[Opening Dataset extract section]

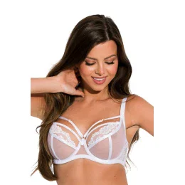 Miseczki w dolnej części wykonane z podwójnego tiulu. Warstwa zewnętrzna w kolorze białym, wewnętrzna ma kolor beżowy. Przeszycia przykryte białymi taśmami. Górna linia miseczek ozdobiona koronką, dodatkowo dekolt zdobią białe paseczki z regulacją.
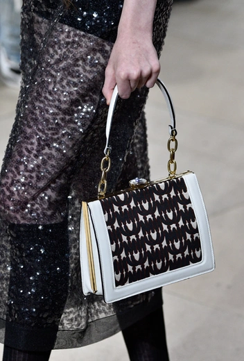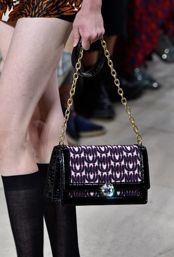 В аксессуарной линейке бренд представил целую серию сумок с монограммами. В будущем сезоне дизайнеры предлагают огромное количество разнокалиберных вариантов — от образов, полностью усыпанной литерами, до небольших вставок на одежде и аксессуарах — поэтому каждый сможет выбрать логотипы по вкусу. У Miu Miu литеры ненавязчивые и, скорее, похожи на затейливый принт, поэтому такие аксессуары точно оценят те, кто предпочитает сдержанность и не привык к кричащим логотипам.
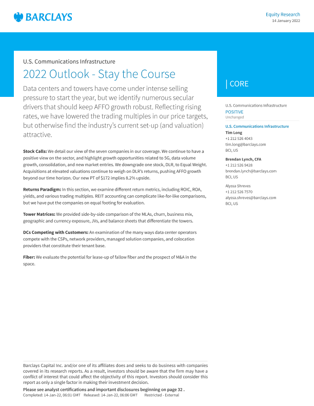 【Barclays】【20220114】U.S. Communications Infrastructure 2022 Outlook- Stay the Course-37页
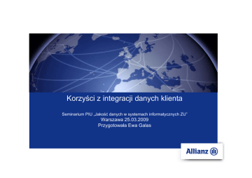Korzyści z integracji danych klienta Seminarium PIU „Jakość danych w systemach informatycznych ZU” Warszawa 25.03.2009 Przygotowała Ewa Galas Definicje CDI ( Customer Data Integration) koncepcja integracji danych o kliencie i prezentacji jednolitego obrazu klienta, zintegrowanego z danych istniejących w wielu systemach Centralna Baza Klientów system informatyczny realizujący koncepcję CDI DQM ( Data Quality Management) –zarządzanie danymi w taki sposób, który prowadzi do pozyskiwania wysokiej jakości danych; zapewnienie ich aktualności, kompletności,spójności,dostępności DS ( Data Strategy) - działanie lub proces zapewniajacy,że korporacyjne dane sa zarządzane jako aktywo organizacji. Cel i zakres projektu Cel i zakres Projektu CBK Cel projektu: • Stworzenie fundamentu Strategii Klientocentryczności w Grupie Allianz. Projekt CBK koncentruje się na danych klienta w krótkiej perspektywie, natomiast długookresowo ma objąć wszystkie dane w Grupie Allianz. Streamy projektowe: • 1. Centralna Baza Klientów • 2. Data Quality Management (DQM) • 3. Data Strategy (DS) Cel i zakres projektu Zakres Centralnej Bazy Klienta Stworzenie jednolitego widoku klienta Grupy Allianz Polska. • Widok 360° - pełna wiedza o kliencie i jego wszystkich produktach. Zakres prac: • Wdrożenie CBK ma na celu konsolidację danych klienta – stworzenie Golden Record w centralnej bazie. • Integracja CBK z systemami dziedzinowymi pozwoli wykorzystać zintegrowany widok klienta do celów obsługowych, marketingowych, analitycznych. Rola Centralnej Bazy Klientów Centralna Baza Klientów docelowo będzie masterem kluczowych danych o kliencie, będzie systemem nadrzędnym w stosunku do wszystkich systemów przechowujących dane o kliencie •utrzymuje najlepszy obraz klienta • ustandaryzowany, wzbogacony, czysty (kompletny) • zdeduplikowany • integruje się z systemami dziedzinowymi Allianz • udostępnia dane o kliencie • propaguje zmiany o kliencie • systemy dziedzinowe komunikują się z Centralną Bazą Klientów w celu modyfikacji danych • dostępna jest w trybie on-line i wsadowym Cel i zakres projektu Zakres DQM Cel: • Zapewnienie pozyskiwania wysokiej jakości danych, gromadzonych i przetwarzanych w organizacji, poprzez wdrożenie Data Quality Management. Dane dobrej jakości są fundamentem wielu procesów realizowanych w ramach Grupy Allianz. • Jakość danych definiujemy w kategoriach kompletności, poprawności, spójności, aktualności. Zakres prac: Ustalenie reguł i mierników jakości danych Wdrożenie monitorowania jakości danych Analiza danych Realizacja działań naprawczych Wdrożenie procesów DQM Procesy DQM Proces monitorowania jakości danych Proces zarządzania incydentem Proces zarządzania zmianą Cel i zakres projektu Zakres Data Strategy Cel: • Opracowanie korporacyjnej strategii danych określającej jak postępować z danymi w Grupie Allianz. Realizacja tego celu wynika z faktu, iż DANE są tak ważnym aktywem organizacji i na nich m. in. buduje się wartość Grupy Allianz. Zakres prac: • • Przegląd podstawowych elementów wchodzących w skład Data Strategy i poziom ich realizacji w Allianz W pierwszej iteracji ograniczenie się jedynie do obszaru danych klienta w zakresie niezbędnym do realizacji wdrożenia obszaru CBK • Wskazanie właścicieli obszarów wchodzących w skład Data Strategy • Zdefiniowanie wizji i misji docelowego modelu zarządzania danymi w Allianz • Stworzenie Roadmap przyszłych działań Za rzą Da dza ny nie mi Sp ec Da yfika ny cja ch Do Be stęp c z zp i i e e Da ństw ny o ch Ja Da kość ny ch Dane klienta w systemach – stan obecny Systemy Allianz System1 C System2 System Kolejkowy MM/CM BI System3 A System4 INNE Hurtownia Danych Systemy Allianz DQ Etapy dojrzałości CBK – wdrożenie CBK Centralna Baza Klientów CRM operacyjny C System1 C System2 System Kolejkowy MM/CM BI System3 A System4 INNE Hurtownia Danych Etapy dojrzałości CBK – funkcjonalność docelowa Systemy Allianz CRM operacyjny System3 A Centralna Baza Klientów DQ Warstwa Integracyjna C System2 Warstwa Integracyjna System1 MM/CM BI System4 INNE Hurtownia Danych C INEGRACJA Centralna Baza Klientów Etapy rozwoju funkcjonalności Centralnej Bazy Klientów Etap 1 konsolidacja Etap 2 udostępnianie online Etap 3 udostępnianie i modyfikacja Integracja wsadowa Sukcesywne udostępnianie wiedzy o klientach systemom dziedzinowym Integracja dwukierunkowa on-line z systemami dziedzinowymi •udostępnianie on-line danych dla systemów dziedzinowych • udostępnienie operacji modyfikacji danych w CBK • pozyskiwanie danych z systemów dziedzinowych • konsolidacja danych – stworzenie Golden Record • transfer danych na potrzeby COK, MM/CM, HD Warstwa integracyjna • Integracja CRM z systemami dziedzinowymi • udostępnienie operacji polisowych z systemów produktowych ESB Zmiany konieczne do pełnego wykorzystania Centralnej Bazy Klientów 1. Umiejętność korzystania z serwisów Centralnej Bazy Klientów przez systemy dziedzinowe 2. Dopasowanie systemów dziedzinowych do biznesowego modelu danych • różne wersje zgód klienta • adres korespondencyjny dla polisy 3. Zmiana profilu hurtowni danych z modelu produktowego na model kliencki 4. Dostosowanie systemu wydruku dokumentów do korzystania z golden rekord 5. Uzgodnienie wartości słownikowych pomiędzy systemami 6. Ujednolicenie modelu danych i walidacji w systemach dziedzinowych Korzyści posiadania Centralnej Bazy Klientów dla COK 1. Pracownicy COK widzą jeden obraz klienta, tzw golden record, (najlepszy obraz klienta po standaryzacji, deduplikacji z podpiętymi wszystkimi jego ubezpieczeniami) 2. Pracownicy COK maja możliwość zbiorczego zlecania zmian danych klienta (dokonują jednokrotnej operacji na danych klienta w CRM, bez koniczności powielania tej samej operacji w wielu systemach źródłowych) 3. Pracownicy COK – widzą transakcje i kont

[Closing Dataset extract section]

* [What you should do] Output the data above exactly. Drop every picture.

* [Answer below]
 Miseczki w dolnej części wykonane z podwójnego tiulu. Warstwa zewnętrzna w kolorze białym, wewnętrzna ma kolor beżowy. Przeszycia przykryte białymi taśmami. Górna linia miseczek ozdobiona koronką, dodatkowo dekolt zdobią białe paseczki z regulacją.
 В аксессуарной линейке бренд представил целую серию сумок с монограммами. В будущем сезоне дизайнеры предлагают огромное количество разнокалиберных вариантов — от образов, полностью усыпанной литерами, до небольших вставок на одежде и аксессуарах — поэтому каждый сможет выбрать логотипы по вкусу. У Miu Miu литеры ненавязчивые и, скорее, похожи на затейливый принт, поэтому такие аксессуары точно оценят те, кто предпочитает сдержанность и не привык к кричащим логотипам.
 【Barclays】【20220114】U.S. Communications Infrastructure 2022 Outlook- Stay the Course-37页
Korzyści z integracji danych klienta Seminarium PIU „Jakość danych w systemach informatycznych ZU” Warszawa 25.03.2009 Przygotowała Ewa Galas Definicje CDI ( Customer Data Integration) koncepcja integracji danych o kliencie i prezentacji jednolitego obrazu klienta, zintegrowanego z danych istniejących w wielu systemach Centralna Baza Klientów system informatyczny realizujący koncepcję CDI DQM ( Data Quality Management) –zarządzanie danymi w taki sposób, który prowadzi do pozyskiwania wysokiej jakości danych; zapewnienie ich aktualności, kompletności,spójności,dostępności DS ( Data Strategy) - działanie lub proces zapewniajacy,że korporacyjne dane sa zarządzane jako aktywo organizacji. Cel i zakres projektu Cel i zakres Projektu CBK Cel projektu: • Stworzenie fundamentu Strategii Klientocentryczności w Grupie Allianz. Projekt CBK koncentruje się na danych klienta w krótkiej perspektywie, natomiast długookresowo ma objąć wszystkie dane w Grupie Allianz. Streamy projektowe: • 1. Centralna Baza Klientów • 2. Data Quality Management (DQM) • 3. Data Strategy (DS) Cel i zakres projektu Zakres Centralnej Bazy Klienta Stworzenie jednolitego widoku klienta Grupy Allianz Polska. • Widok 360° - pełna wiedza o kliencie i jego wszystkich produktach. Zakres prac: • Wdrożenie CBK ma na celu konsolidację danych klienta – stworzenie Golden Record w centralnej bazie. • Integracja CBK z systemami dziedzinowymi pozwoli wykorzystać zintegrowany widok klienta do celów obsługowych, marketingowych, analitycznych. Rola Centralnej Bazy Klientów Centralna Baza Klientów docelowo będzie masterem kluczowych danych o kliencie, będzie systemem nadrzędnym w stosunku do wszystkich systemów przechowujących dane o kliencie •utrzymuje najlepszy obraz klienta • ustandaryzowany, wzbogacony, czysty (kompletny) • zdeduplikowany • integruje się z systemami dziedzinowymi Allianz • udostępnia dane o kliencie • propaguje zmiany o kliencie • systemy dziedzinowe komunikują się z Centralną Bazą Klientów w celu modyfikacji danych • dostępna jest w trybie on-line i wsadowym Cel i zakres projektu Zakres DQM Cel: • Zapewnienie pozyskiwania wysokiej jakości danych, gromadzonych i przetwarzanych w organizacji, poprzez wdrożenie Data Quality Management. Dane dobrej jakości są fundamentem wielu procesów realizowanych w ramach Grupy Allianz. • Jakość danych definiujemy w kategoriach kompletności, poprawności, spójności, aktualności. Zakres prac: Ustalenie reguł i mierników jakości danych Wdrożenie monitorowania jakości danych Analiza danych Realizacja działań naprawczych Wdrożenie procesów DQM Procesy DQM Proces monitorowania jakości danych Proces zarządzania incydentem Proces zarządzania zmianą Cel i zakres projektu Zakres Data Strategy Cel: • Opracowanie korporacyjnej strategii danych określającej jak postępować z danymi w Grupie Allianz. Realizacja tego celu wynika z faktu, iż DANE są tak ważnym aktywem organizacji i na nich m. in. buduje się wartość Grupy Allianz. Zakres prac: • • Przegląd podstawowych elementów wchodzących w skład Data Strategy i poziom ich realizacji w Allianz W pierwszej iteracji ograniczenie się jedynie do obszaru danych klienta w zakresie niezbędnym do realizacji wdrożenia obszaru CBK • Wskazanie właścicieli obszarów wchodzących w skład Data Strategy • Zdefiniowanie wizji i misji docelowego modelu zarządzania danymi w Allianz • Stworzenie Roadmap przyszłych działań Za rzą Da dza ny nie mi Sp ec Da yfika ny cja ch Do Be stęp c z zp i i e e Da ństw ny o ch Ja Da kość ny ch Dane klienta w systemach – stan obecny Systemy Allianz System1 C System2 System Kolejkowy MM/CM BI System3 A System4 INNE Hurtownia Danych Systemy Allianz DQ Etapy dojrzałości CBK – wdrożenie CBK Centralna Baza Klientów CRM operacyjny C System1 C System2 System Kolejkowy MM/CM BI System3 A System4 INNE Hurtownia Danych Etapy dojrzałości CBK – funkcjonalność docelowa Systemy Allianz CRM operacyjny System3 A Centralna Baza Klientów DQ Warstwa Integracyjna C System2 Warstwa Integracyjna System1 MM/CM BI System4 INNE Hurtownia Danych C INEGRACJA Centralna Baza Klientów Etapy rozwoju funkcjonalności Centralnej Bazy Klientów Etap 1 konsolidacja Etap 2 udostępnianie online Etap 3 udostępnianie i modyfikacja Integracja wsadowa Sukcesywne udostępnianie wiedzy o klientach systemom dziedzinowym Integracja dwukierunkowa on-line z systemami dziedzinowymi •udostępnianie on-line danych dla systemów dziedzinowych • udostępnienie operacji modyfikacji danych w CBK • pozyskiwanie danych z systemów dziedzinowych • konsolidacja danych – stworzenie Golden Record • transfer danych na potrzeby COK, MM/CM, HD Warstwa integracyjna • Integracja CRM z systemami dziedzinowymi • udostępnienie operacji polisowych z systemów produktowych ESB Zmiany konieczne do pełnego wykorzystania Centralnej Bazy Klientów 1. Umiejętność korzystania z serwisów Centralnej Bazy Klientów przez systemy dziedzinowe 2. Dopasowanie systemów dziedzinowych do biznesowego modelu danych • różne wersje zgód klienta • adres korespondencyjny dla polisy 3. Zmiana profilu hurtowni danych z modelu produktowego na model kliencki 4. Dostosowanie systemu wydruku dokumentów do korzystania z golden rekord 5. Uzgodnienie wartości słownikowych pomiędzy systemami 6. Ujednolicenie modelu danych i walidacji w systemach dziedzinowych Korzyści posiadania Centralnej Bazy Klientów dla COK 1. Pracownicy COK widzą jeden obraz klienta, tzw golden record, (najlepszy obraz klienta po standaryzacji, deduplikacji z podpiętymi wszystkimi jego ubezpieczeniami) 2. Pracownicy COK maja możliwość zbiorczego zlecania zmian danych klienta (dokonują jednokrotnej operacji na danych klienta w CRM, bez koniczności powielania tej samej operacji w wielu systemach źródłowych) 3. Pracownicy COK – widzą transakcje i kont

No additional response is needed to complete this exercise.